Based on their findings, the group said majority of the party-lists are not representing the poor and have questionable backgrounds that go against the intent of the party-list system.

Out of 177, it identified 124 — or 70% of the party-list groups as having unclear representations and advocacies; having links to political clans, big business, government or military; or have nominees facing pending cases in court.

The research, spanning 37 pages, was a product of a team of researchers who grouped the party-lists and assigned each member to do deep background investigation.

The researchers looked at the particular party-list’s track record from publicly available information, their declared advocacies, and background of nominees. The also searched for issues surrounding each party-list group and its candidates.

Red flags

Kontra Daya labeled some party-list groups with multiple red flags. Party-list groups that allegedly raised at least three concerns include WOW Pilipinas, Maagap, ACT-CIS, TGP, BHW, PTA, Duterte Youth, CWS, MayPagasa, PVAID, and IPEACE EPANAW.

It also flagged party-lists ACT-CIS, 4P’s, BHW, Mocha, and Abante Sambayanan for their reported multiple links to interest groups.

This year’s figures mark a huge increase from Kontra Daya’s findings in the 2019 elections, which convenor Danilo Arao said was roughly only half or 50% of the party-list groups at the time.

Arao said that the Commission on Elections (Comelec) would justify through the years that it was just following the law and the interpretation of the Supreme Court. With this, he said, practically anyone can run as a party-list nominee without belonging to a marginalized sector as long as they claim to champion the rights of the poor.

“Ang hindi masyadong naipaliliwanag sa publiko, mayroong quasi-judicial at quasi-legislative function ang Comelec.
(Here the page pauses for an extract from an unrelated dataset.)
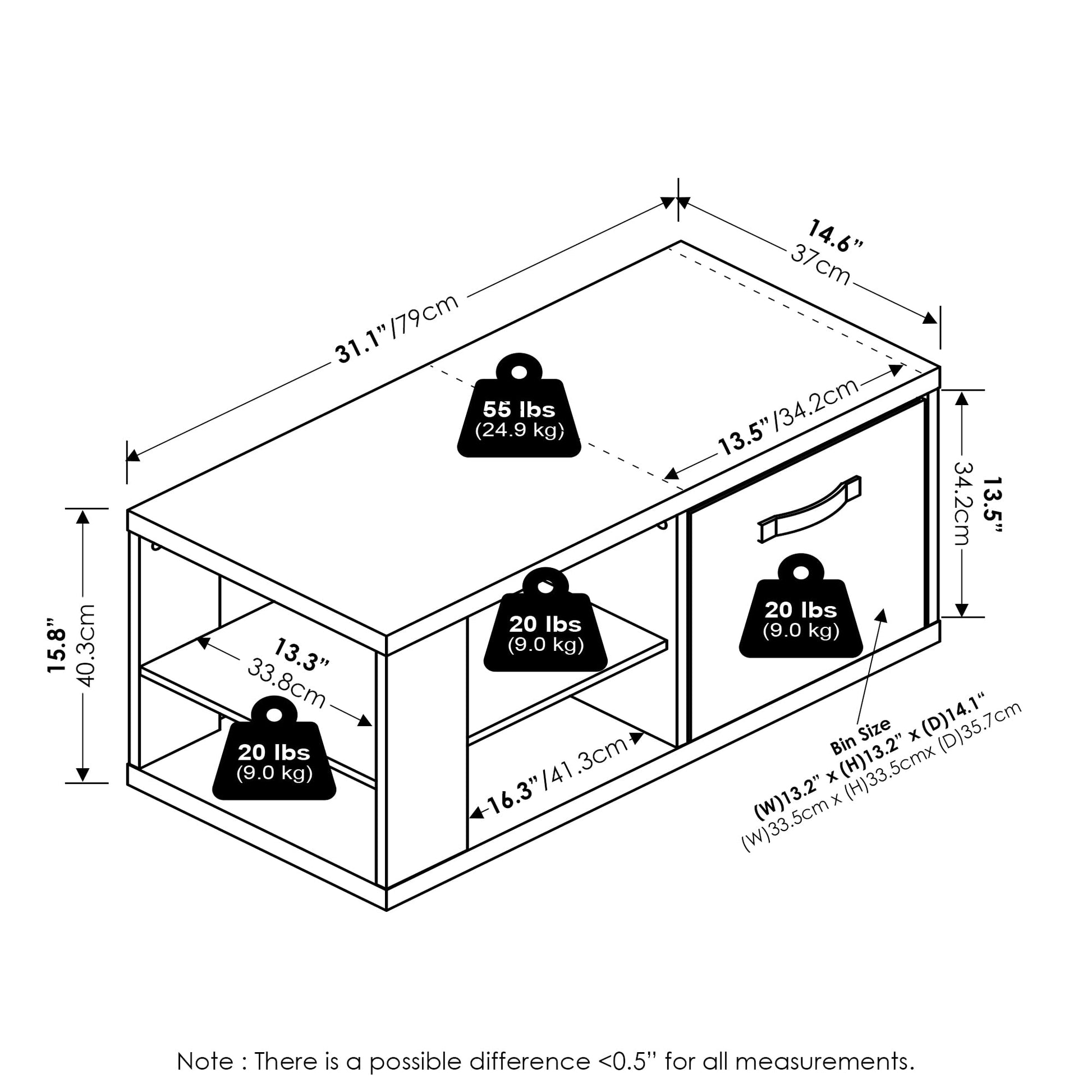 • Includes a 13" x 13" non-woven fabric bin that fits standard cube storage dimensions, perfect for concealing clutter or organizing loose items.

Pwede naman niyang i-interpret ang batas nang naaayon doon sa intent ng pagkakabuo nito,” Arao told DZXL 558’s Meet The Boss on March 4.

“Kasi kahit tanungin niyo ang mga framer ng Constitution at mismong gumawa ng Party-List System Act of 1995, sinasabi nila na dapat binibigyan ng kaukulang espasyo ang mga marginalized and underrepresented,” he added.

“Pero ngayon ang nakakapagtaka, under the party-list system, ang nama-marginalize ay ang mga marginalized.”

Kontra Daya, in an earlier statement, said that the country’s party-list system continues to be “hijacked by the rich and powerful”. “They are being used as a backdoor to further entrench the political and economic interests of the rich,” the group said.

With the corruption of the party-list system, some camps have called for its abolition. But Arao said that the most reasonable solution is to amend the party-list law to reflect its original intent: giving genuine representation to the marginalized and underrepresented sectors in Congress.

“Public pressure is necessary for Congress to pass these amendments,” he said.